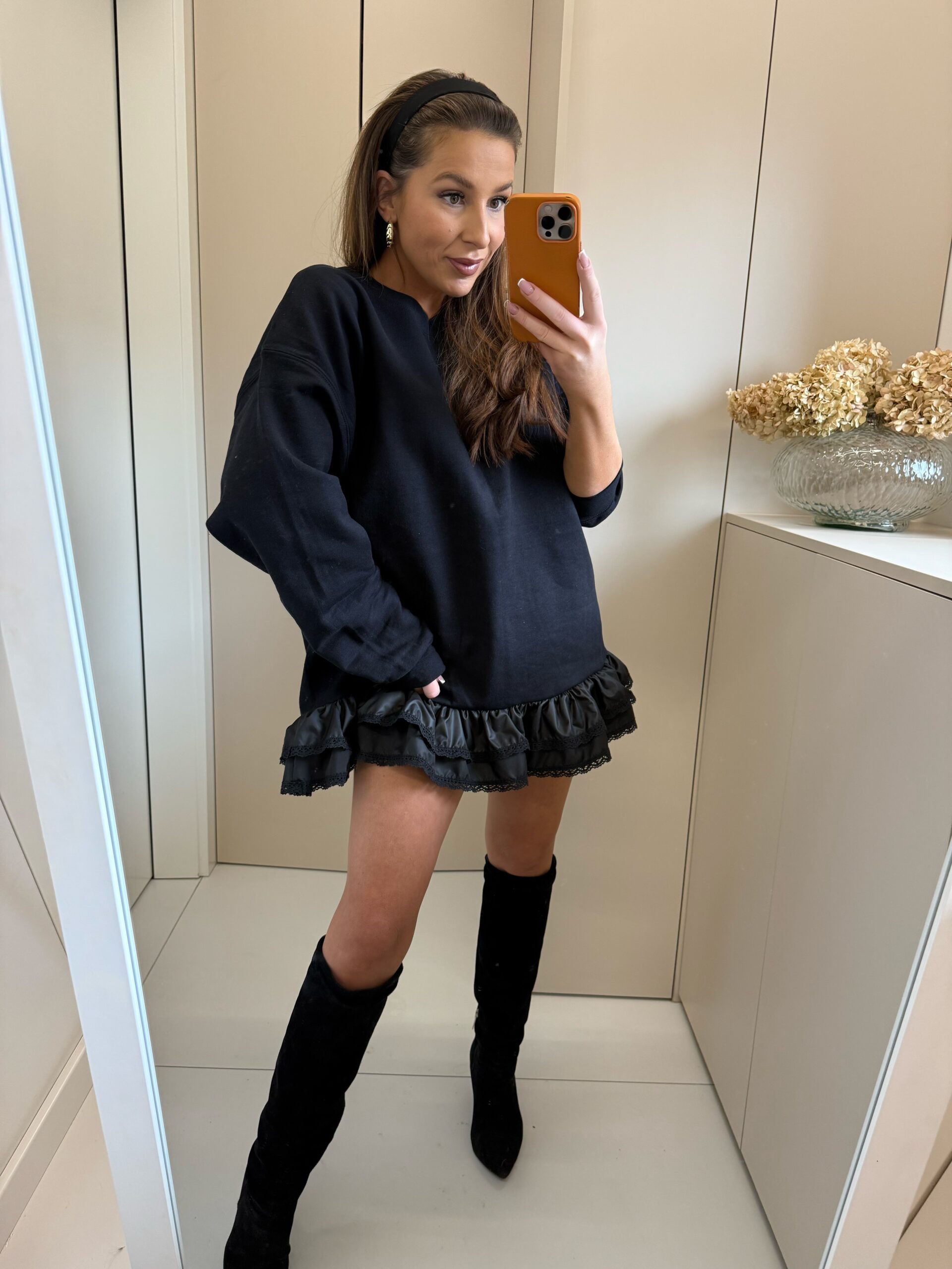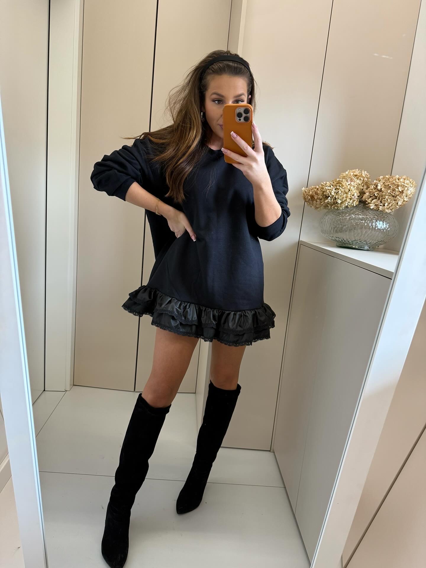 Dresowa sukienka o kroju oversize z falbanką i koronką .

○ ○ ○

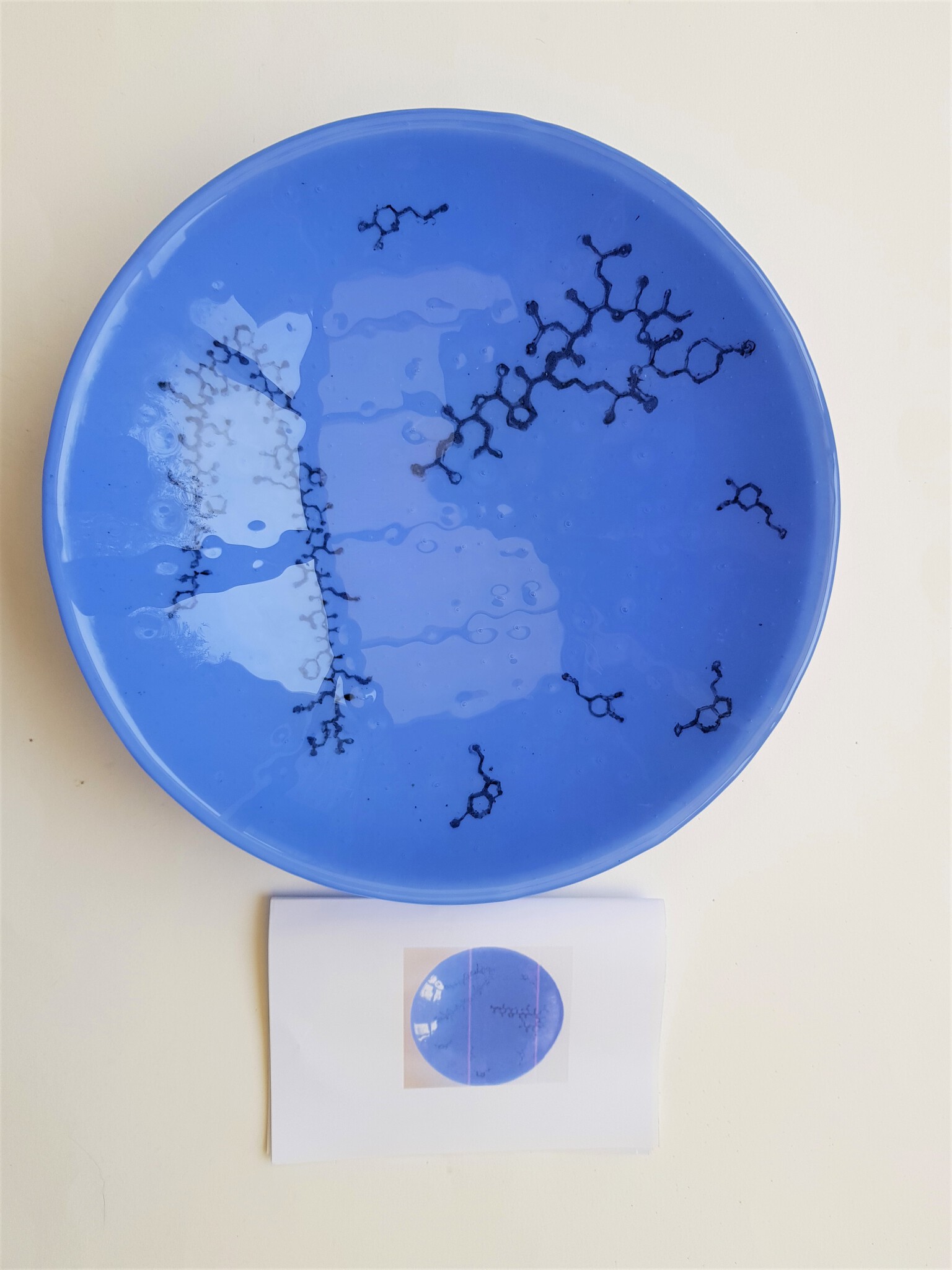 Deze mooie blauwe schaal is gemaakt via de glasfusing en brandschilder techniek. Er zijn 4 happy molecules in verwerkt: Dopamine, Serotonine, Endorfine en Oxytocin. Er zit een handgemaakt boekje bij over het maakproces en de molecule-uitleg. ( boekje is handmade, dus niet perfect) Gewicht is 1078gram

○ ○ ○

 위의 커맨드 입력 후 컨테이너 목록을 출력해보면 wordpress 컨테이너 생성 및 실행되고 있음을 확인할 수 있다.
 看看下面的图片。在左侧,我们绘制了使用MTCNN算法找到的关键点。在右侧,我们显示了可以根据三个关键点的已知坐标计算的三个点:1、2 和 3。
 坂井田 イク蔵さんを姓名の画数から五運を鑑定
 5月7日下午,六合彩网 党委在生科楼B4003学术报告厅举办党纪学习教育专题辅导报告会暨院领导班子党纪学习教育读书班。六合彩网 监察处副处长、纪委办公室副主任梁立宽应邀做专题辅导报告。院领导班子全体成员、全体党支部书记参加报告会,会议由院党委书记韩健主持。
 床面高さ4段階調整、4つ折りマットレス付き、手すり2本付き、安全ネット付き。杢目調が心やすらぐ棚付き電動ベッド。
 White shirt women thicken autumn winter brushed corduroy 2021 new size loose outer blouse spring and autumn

○ ○ ○

_WHAT TO DO_
There is a run of lines above from the one with "床面高さ4段階調整、4つ折り" to the one with "White shirt women"; print exactly that run, both ends included, and nothing else.

_ANSWER TO THE PROBLEM_
 床面高さ4段階調整、4つ折りマットレス付き、手すり2本付き、安全ネット付き。杢目調が心やすらぐ棚付き電動ベッド。
 White shirt women thicken autumn winter brushed corduroy 2021 new size loose outer blouse spring and autumn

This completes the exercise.